[Data extracted from a collection]
# # #

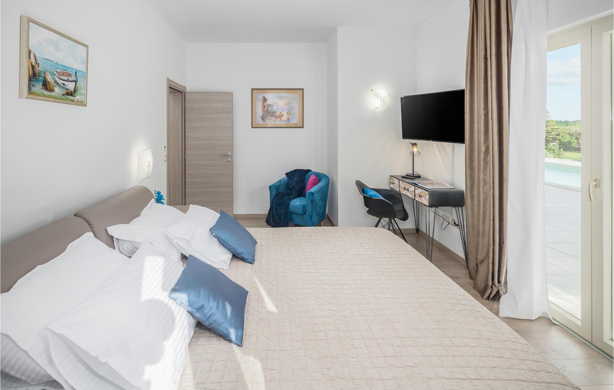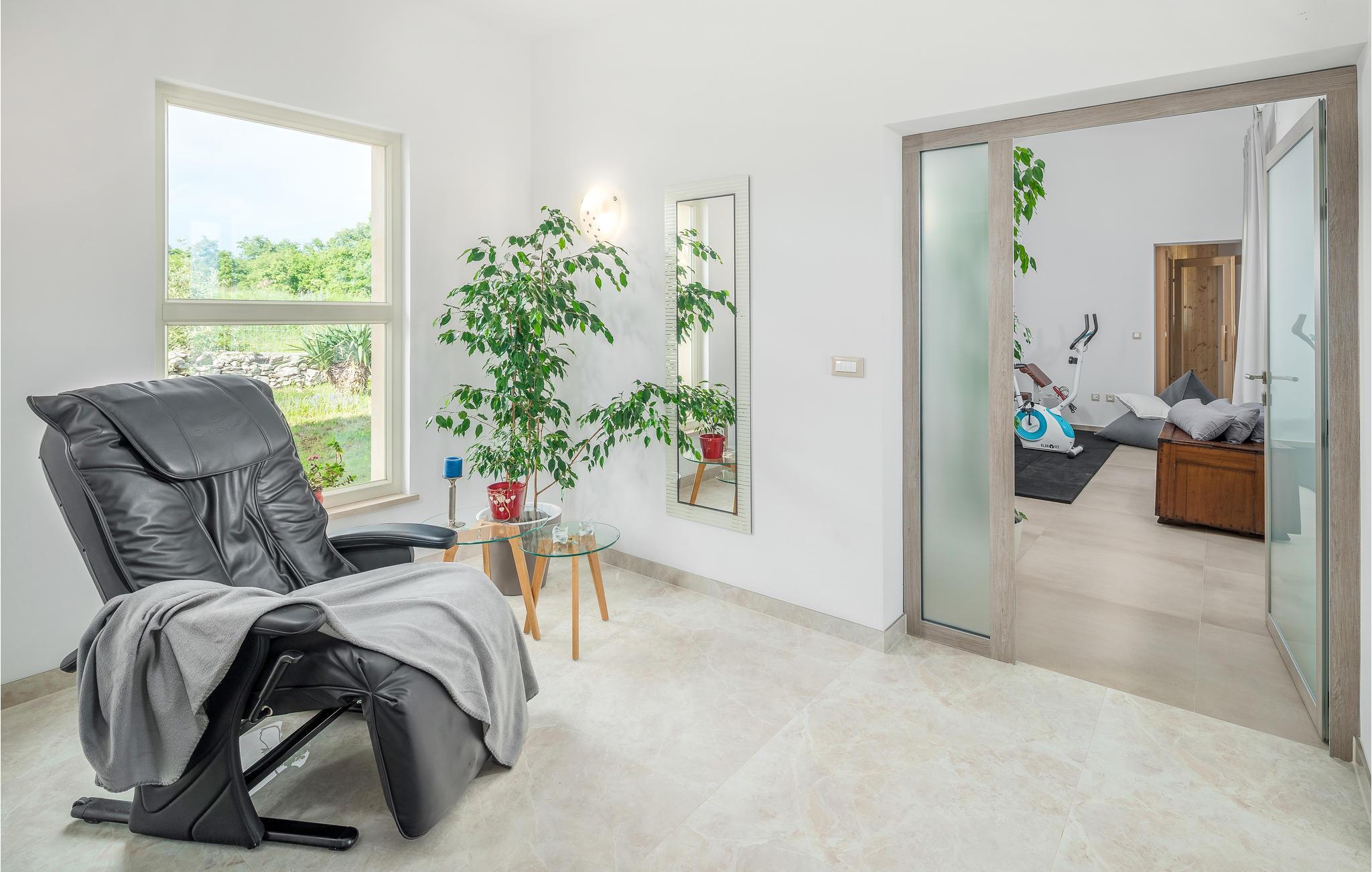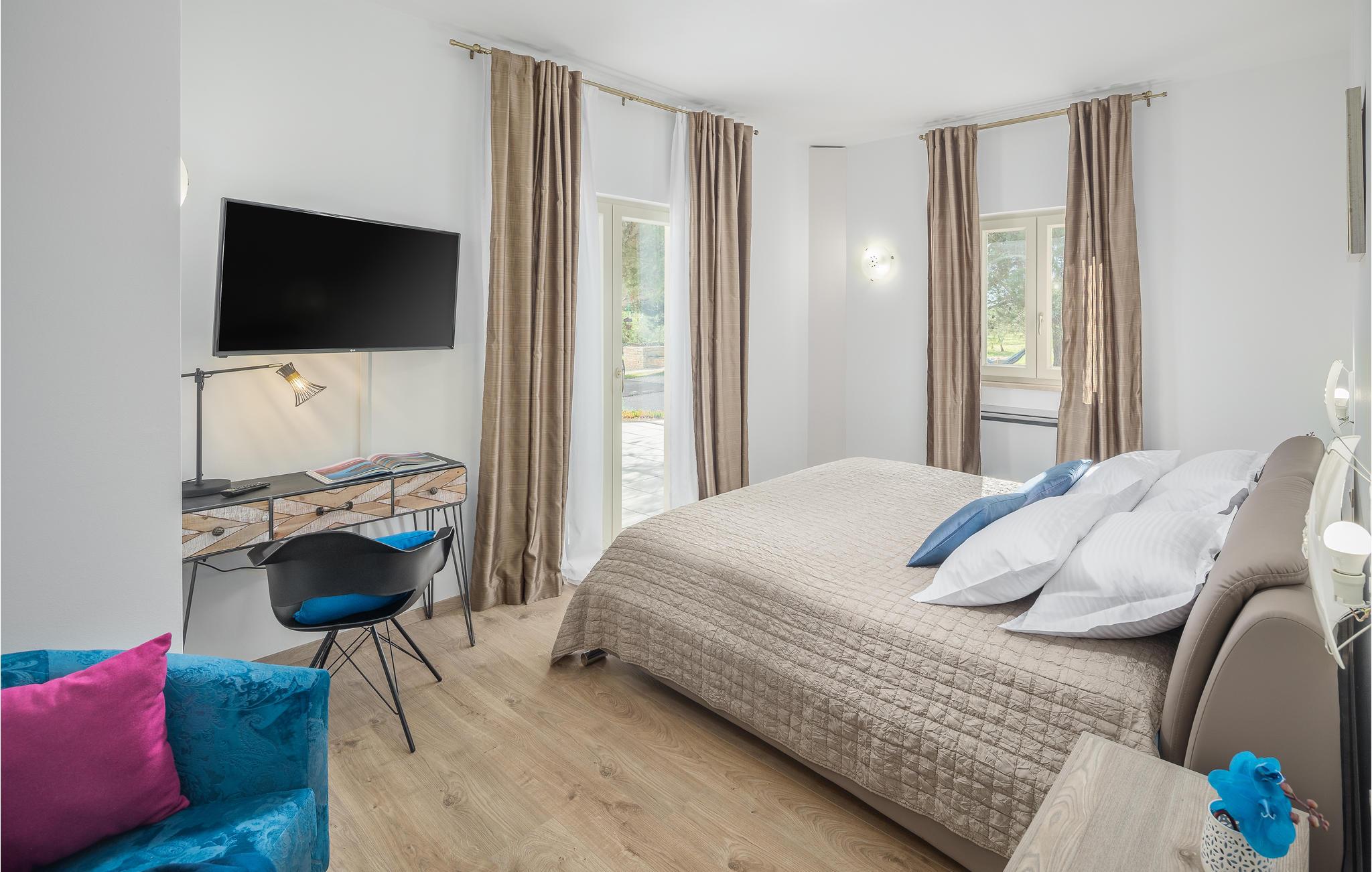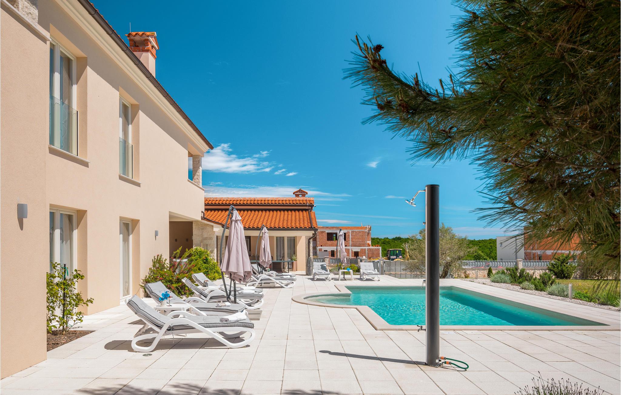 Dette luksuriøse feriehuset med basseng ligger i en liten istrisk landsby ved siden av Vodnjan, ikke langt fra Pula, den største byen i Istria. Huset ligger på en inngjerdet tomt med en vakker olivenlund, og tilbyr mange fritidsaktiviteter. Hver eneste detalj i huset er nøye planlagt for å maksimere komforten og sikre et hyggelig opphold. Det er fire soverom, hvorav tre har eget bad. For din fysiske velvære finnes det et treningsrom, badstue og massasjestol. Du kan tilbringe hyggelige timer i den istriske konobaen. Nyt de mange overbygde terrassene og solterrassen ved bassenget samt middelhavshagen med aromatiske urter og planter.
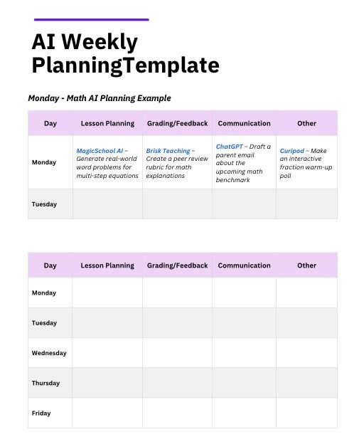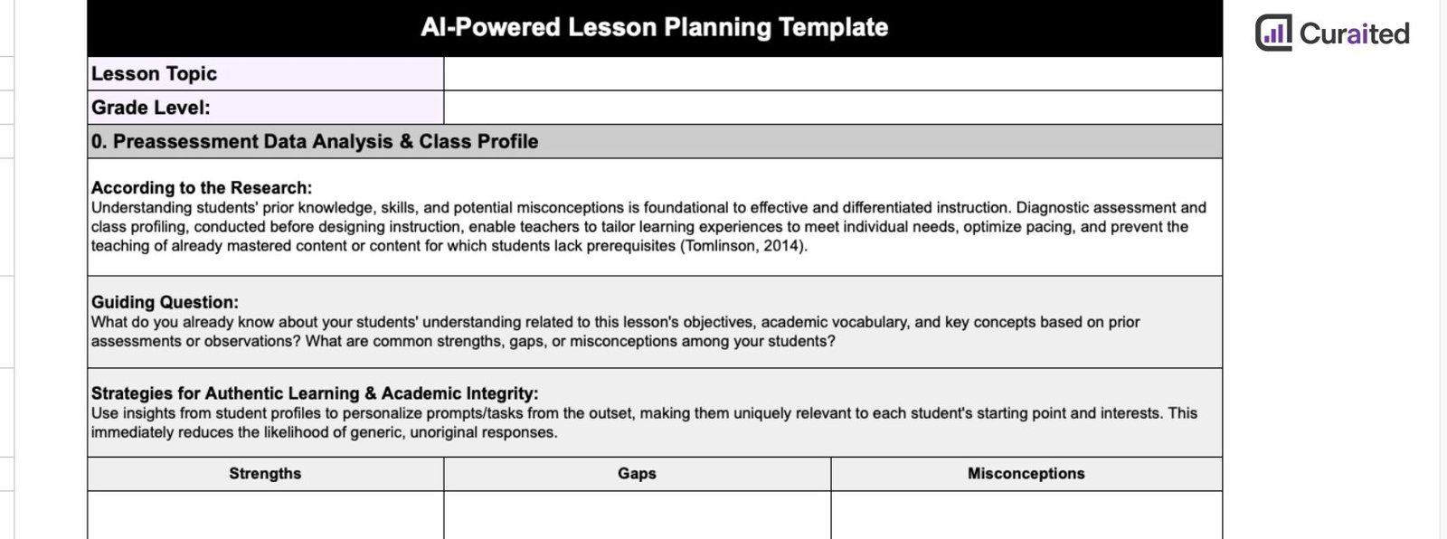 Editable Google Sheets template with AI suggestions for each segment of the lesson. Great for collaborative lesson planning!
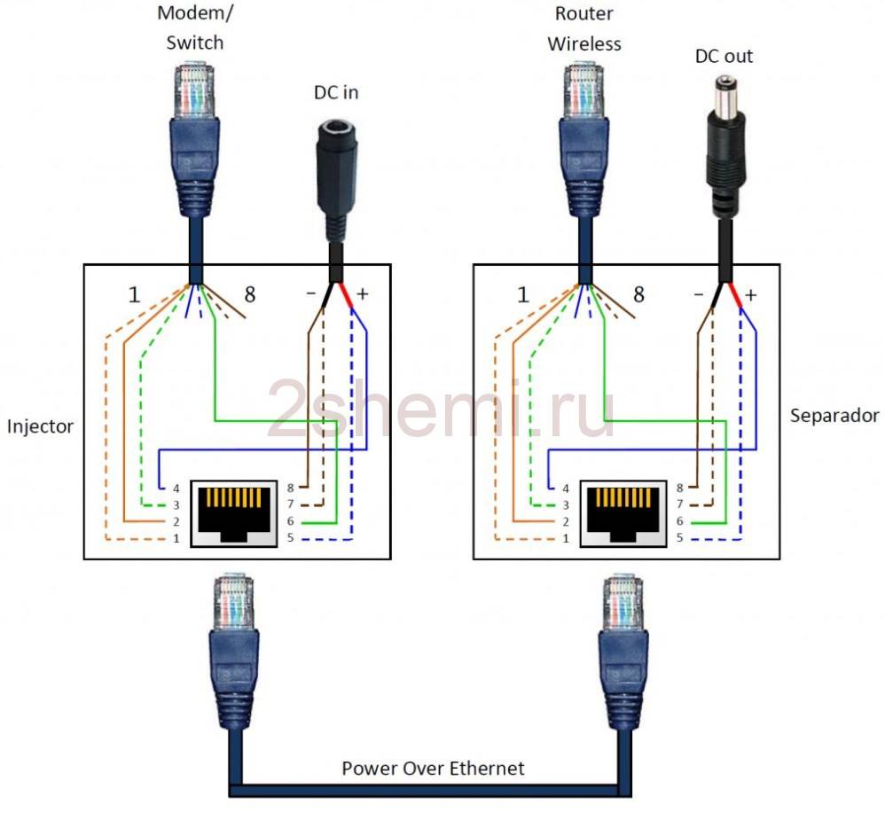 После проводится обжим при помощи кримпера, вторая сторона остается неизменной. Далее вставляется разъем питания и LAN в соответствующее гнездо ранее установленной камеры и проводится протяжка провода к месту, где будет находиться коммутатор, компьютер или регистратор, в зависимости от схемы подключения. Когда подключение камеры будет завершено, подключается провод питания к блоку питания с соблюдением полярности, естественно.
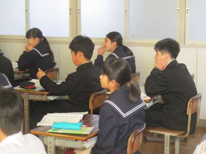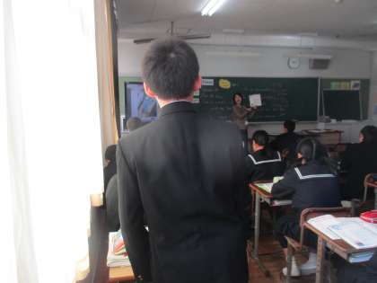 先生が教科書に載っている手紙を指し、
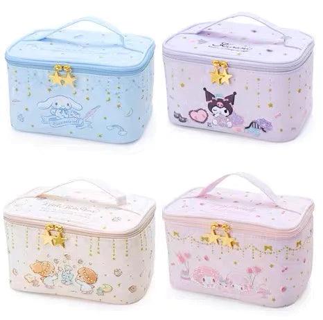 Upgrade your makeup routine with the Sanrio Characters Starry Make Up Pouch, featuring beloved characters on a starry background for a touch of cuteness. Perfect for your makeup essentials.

# # #

Pictures are to be excluded; the records themselves are to be reproduced exactly.

> **PROBLEM SOLUTION**
 Dette luksuriøse feriehuset med basseng ligger i en liten istrisk landsby ved siden av Vodnjan, ikke langt fra Pula, den største byen i Istria. Huset ligger på en inngjerdet tomt med en vakker olivenlund, og tilbyr mange fritidsaktiviteter. Hver eneste detalj i huset er nøye planlagt for å maksimere komforten og sikre et hyggelig opphold. Det er fire soverom, hvorav tre har eget bad. For din fysiske velvære finnes det et treningsrom, badstue og massasjestol. Du kan tilbringe hyggelige timer i den istriske konobaen. Nyt de mange overbygde terrassene og solterrassen ved bassenget samt middelhavshagen med aromatiske urter og planter.
 Editable Google Sheets template with AI suggestions for each segment of the lesson. Great for collaborative lesson planning!
 После проводится обжим при помощи кримпера, вторая сторона остается неизменной. Далее вставляется разъем питания и LAN в соответствующее гнездо ранее установленной камеры и проводится протяжка провода к месту, где будет находиться коммутатор, компьютер или регистратор, в зависимости от схемы подключения. Когда подключение камеры будет завершено, подключается провод питания к блоку питания с соблюдением полярности, естественно.
 先生が教科書に載っている手紙を指し、
 Upgrade your makeup routine with the Sanrio Characters Starry Make Up Pouch, featuring beloved characters on a starry background for a touch of cuteness. Perfect for your makeup essentials.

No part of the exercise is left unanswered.